2. Options de configuration
| Option | Type | Défaut | Description |
|---|---|---|---|
| publicKey | string | requis | Clé publique de votre plateforme (pk_...) |
| endpoint | string | /api/v1 | URL de base de l'API |
| mode | string | passive | 'passive' ou 'active' |
| autoCollect | bool | true | Collecte automatique au chargement |
| debug | bool | false | Logs dans la console navigateur |
| onReady | function | - | Callback après identification réussie |
| onError | function | - | Callback en cas d'erreur |
3. API REST
Tous les endpoints requièrent le header X-API-Key (clé privée, côté serveur uniquement).
/api/v1/fingerprint
Envoie un fingerprint pour identification (utilisé par le SDK).

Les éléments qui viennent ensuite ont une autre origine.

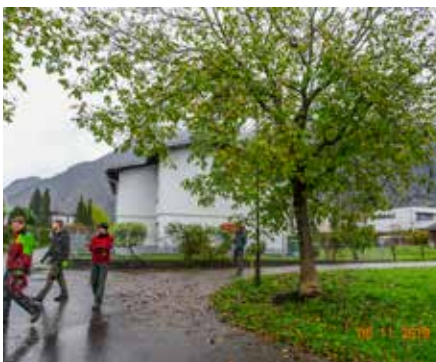
Wegen massiver Wurzelschäden musste ein Nussbaum im Wiesengrund gefällt werden. Es wird aber ein neuer gepflanzt.

tem Boden. Die Wurzeln sind den Verkehrsbelastungen ausgesetzt. Manch einer muss leider gefällt werden.

Response: { "success": true, "data": { "visitor_uuid", "trust_score", "is_new" } }
/api/v1/visitor/{uuid}
Récupère les informations complètes d'un visiteur.
/api/v1/events
analytics
Reçoit un lot d'événements visiteurs (pages vues, clics, scroll, formulaires, événements custom). Géré automatiquement par le SDK.
Body: { "visitor_uuid": "...", "session_id": "...", "events": [ { "type": "pageview", "url": "..." } ] }
/api/v1/profile
mode actif
Pousse des données de profil (nom, email, NPI, etc.).
Body: { "visitor_uuid": "...", "first_name": "...", "email": "...", "npi": "..." }
/api/v1/profile/{uuid}/secure
mode actif
Envoie sécurisé des données via webhook HMAC-SHA256.
Analytics & suivi d'événements SDK v1.2+
À partir de la v1.2, le SDK journalise automatiquement l'activité du visiteur (pages vues,
clics, défilement, soumissions de formulaire, fin de session) et l'envoie par lots à
/api/v1/events. Aucune
configuration n'est requise : le suivi est actif par défaut.
Événements custom
// Journaliser une action métier
BJSecure.track('inscription_terminee', { plan: 'premium', montant: 15000 });Capture de formulaires & profil visiteur
Le SDK détecte les champs d'identité remplis (nom, prénom, email, téléphone, NPI) pour construire le profil du visiteur. Garde-fous appliqués automatiquement : les mots de passe, codes OTP et données de paiement ne sont jamais capturés (exclusion côté SDK et serveur).
- • Forcer la capture d'un champ :
data-bjs-capture="ville" - • Exclure un champ :
data-bjs-ignore - • Désactiver toute la capture :
captureFields: false
Options de tracking
| Option | Défaut | Description |
|---|---|---|
| autoTrack | true | Suivi automatique des événements |
| trackClicks | true | Suivi des clics sur liens/boutons |
| trackScroll | true | Profondeur de défilement (25/50/75/100%) |
| trackForms | true | Suivi des soumissions de formulaire |
| captureFields | true | Détection des champs d'identité (profil) |
⚖️ Conformité : la capture de champs de formulaire doit être déclarée dans la politique de confidentialité de votre plateforme et faire l'objet du consentement de l'utilisateur (RGPD / loi béninoise sur la protection des données).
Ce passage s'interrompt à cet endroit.